I'm trying to figure out if it's possible to derive a general form for the linear operator $L_z$(rotational momentum in Quantum mechanics) which is a combination of the four linear operators
$$X, Y, P_X, P_Y$$
solely based on knowing its commutators.
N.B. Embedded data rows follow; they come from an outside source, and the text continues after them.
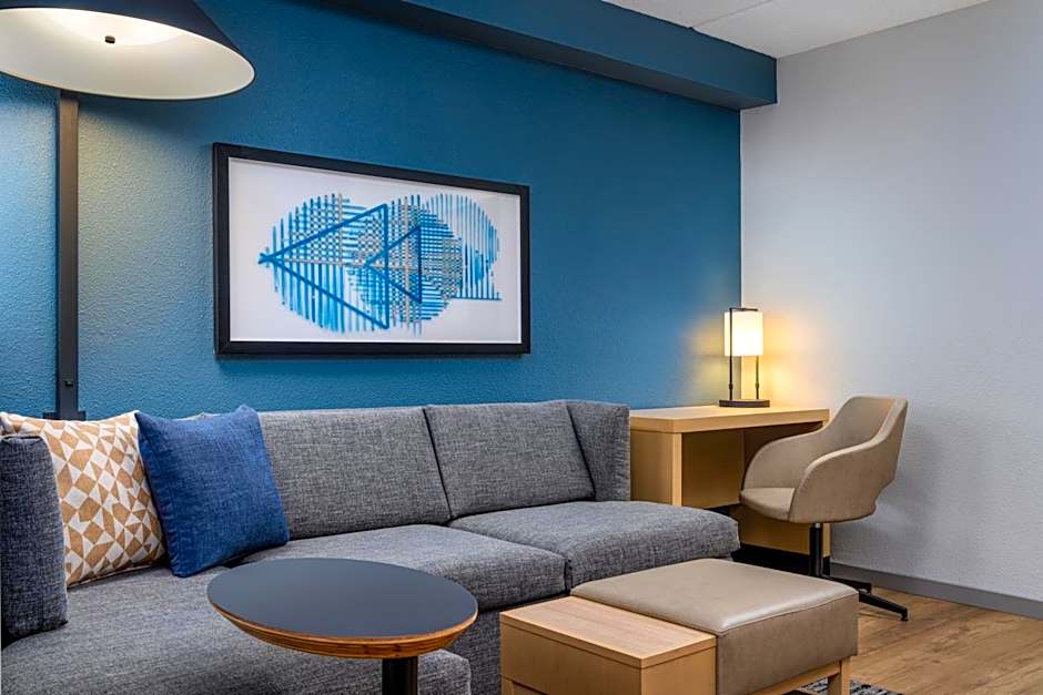 This room features a refrigerator, coffee machine, and flat-screen TV. The bathroom has an accessible bath tub.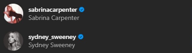 Sweeney and Carpenter were quick to press the like button on the Instagram carousel – with other stars sending congratulatory messages in the comment section.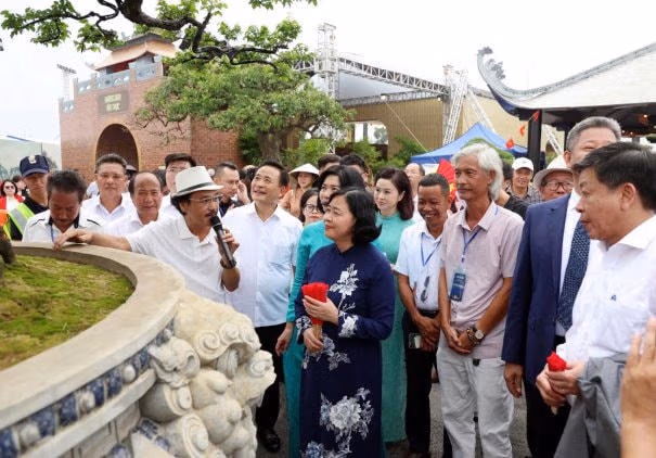 Sáng 1/9, Đoàn đại biểu Thành ủy, HĐND, UBND, Ủy ban Mặt trận Tổ quốc Việt Nam TP Hà Nội do bà Bùi Thị Minh Hoài, Ủy viên Bộ Chính trị, Bí thư Thành ủy, Trưởng đoàn đại biểu Quốc hội TP Hà Nội dẫn đầu đã tới tham quan triển lãm “Thủ đô Hà Nội văn hiến, anh hùng - 80 năm hành trình cùng đất nước” và "Không gian Truyền thống và Sáng tạo Hà Nội 2025" tại Trung tâm Triển lãm Quốc gia Việt Nam (VEC, xã Đông Anh, Hà Nội).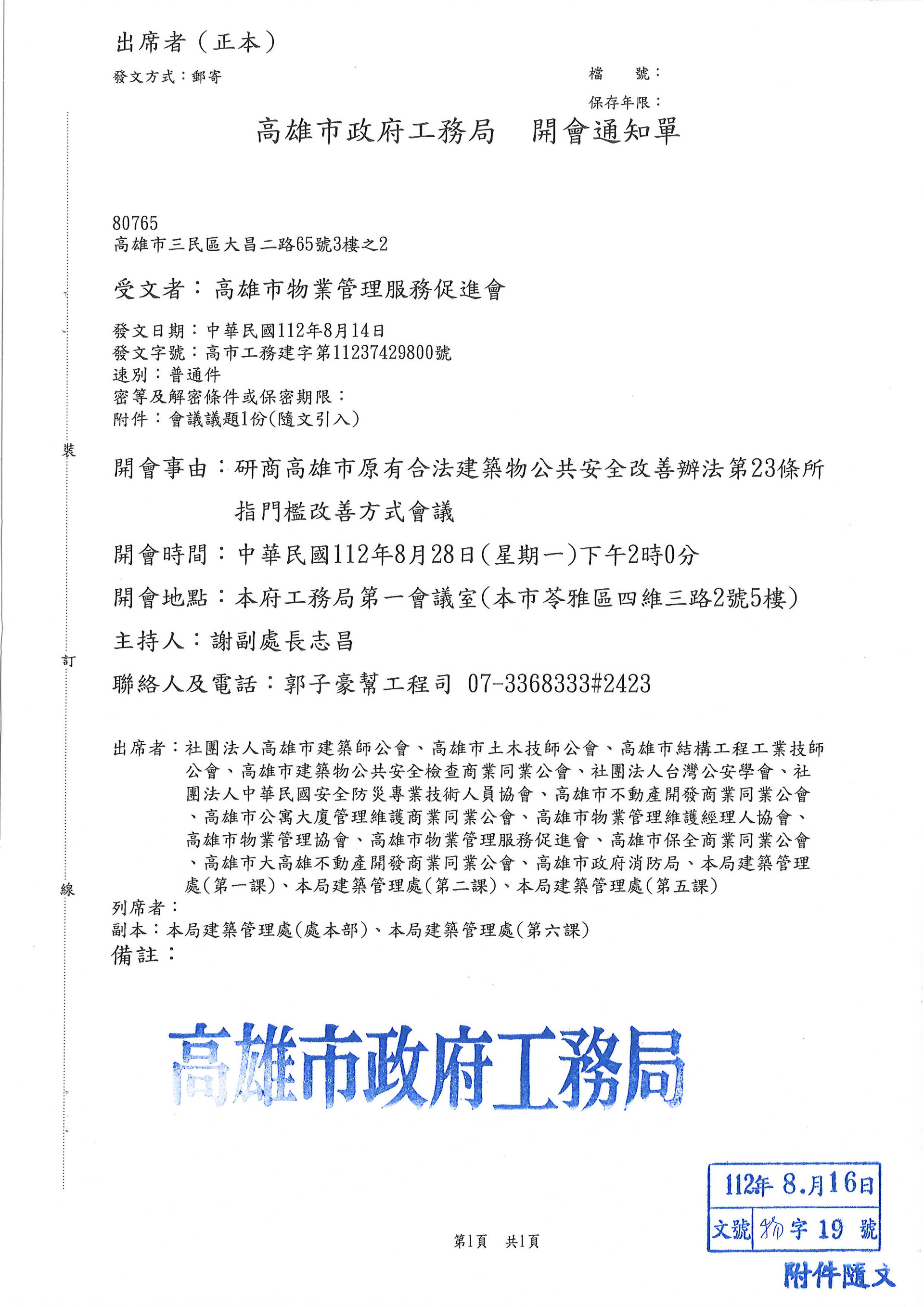 事由:研商高雄市原有合法建築物公共安全改善辦法第23條所指門檻改善方式會議,時間:112/08/28(一)1400,地點:工務局第一會議室(苓雅區四維三路2號5樓)

We know that all the four operators commute except for $X$ and $P_X$, and $Y$ and $P_Y$. More specifically:
$$ [X, P_X] = I = \text{the identity function} $$
$$ [Y, P_Y] = I = \text{the identity function} $$
Where $[., .]$ is the commutator of two operators such that $[A, B] = AB - BA$. (I know in quantum mechanics the right hand side is not $1$ and is $i\hbar$, but that's irrelevant to the general idea of the problem)
We know that:
$$ L_z = \sum_{\alpha,\beta,\gamma,\delta=0}^{\infty} c_{\alpha,\beta,\gamma\,\delta} X^\alpha Y^\beta P_x^\gamma P_y^\delta + d_{\alpha, \beta, \gamma, \delta} P_x^{\alpha} P_Y^\beta X^\gamma Y^\delta $$
We also know the commutators of $L_z$ with the four operators:
$$ [L_z, X] = -Y $$
$$ [L_z, Y] = X $$
$$ [L_z, P_X] = -P_Y $$
$$ [L_z, P_Y] = P_X $$
From quantum mechanics we know (one possible solution) is $L_Z = X P_Y - Y P_X$. But how can one find the general form of $L_z$?
I derived the equation below which might come in handy:(it also works for $y$)
$$ [X^{a}, P_X^{b}] = \sum_{m=0}^{a-1}\sum_{n=0}^{b-1} \begin{pmatrix}b-1 \\ n\end{pmatrix} P_X^{b-1-n} X^{m} P_X^n $$
The center of the Weyl algebra (the algebra generated by $X, Y, P_X, P_Y$) consists of scalar multiples of the identity, so the answer is that you can recover $L$ up to a scalar multiple of the identity; in other words, the general solution is $X P_Y - Y P_X + c I$ for some scalar $c$. The argument is very similar to the argument here which shows that the Weyl algebra is simple by repeatedly applying commutators.